Salt Research
Yıldız Çelik Archive

6 Yckh086 Kazlıçeşme’de bir fabrikada deri işçileri, 1989
Salt Araştırma, Yıldız Çelik Arşivi
Leather workers at a factory in Kazlıçeşme, 1989
Salt Research, Yıldız Çelik Archive
The archive of photographer and photojournalist Yıldız Çelik, whose work focuses on people’s stories, is now accessible at archives.saltresearch.org.

Incorporated into the City, Society, and Economy Archive at Salt Research, the collection highlights Çelik’s photographs taken around Kazlıçeşme and the Galata Bridge in Istanbul in the late 1980s. Her images taken just before the relocation of the leather factories in Kazlıçeşme to Tuzla capture the working conditions of factory laborers, while her photographs of Eminönü and Karaköy document the construction of the new Galata Bridge and the transformation of the surrounding area.

About Yıldız Çelik
Born in Istanbul in 1960, Yıldız Çelik received photography training at the Istanbul Photography and Cinema Amateurs Association (İFSAK) in 1982. She began her professional career in 1987 at Tempo magazine and later worked as a culture and arts photographer and reporter for Cumhuriyet newspaper. Known for projects including “Life in the Southeast” and “Life in Syria,” Çelik won third prize in the Yunus Nadi Photography Award in 1990 for her photograph Migration from Bulgaria. Between 2007 and 2013, she worked on documentary projects in Southeastern Anatolia, as well as in Syria, Lebanon, Iraq, and Georgia. Her work in Syria received the “Research–Investigation” award in the İsmail Sivri Journalism Competition organized by the Federation of Journalists of Turkey in 2012. In addition to her photography practice, she continues to work as a primary school teacher, writer, and illustrator, producing stories that center on children and collective memory.

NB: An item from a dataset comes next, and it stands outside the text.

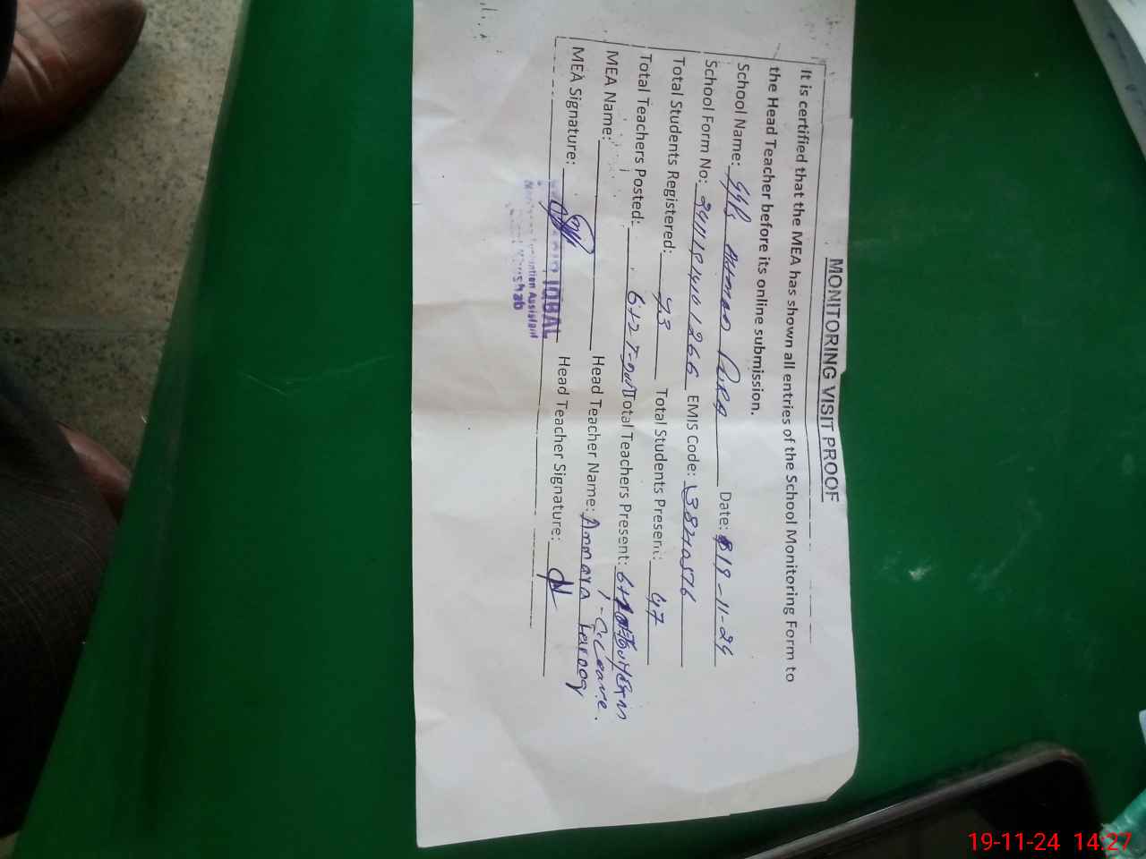 | Attendance Register | Head Teacher | MEA with School | Visit Proof |

Salt Research City, Society, and Economy Archive
The archive collections at Salt Research encompass over 2,000,000 unique digitized resources on art, architecture, design, city, society, and economy. Visual materials in the City, Society, and Economy Archive include printed photographs, glass negatives and positives, slides, film negatives, postcards, and photocards, offering insight into education, social life, and the built environment from the 19th century to the present.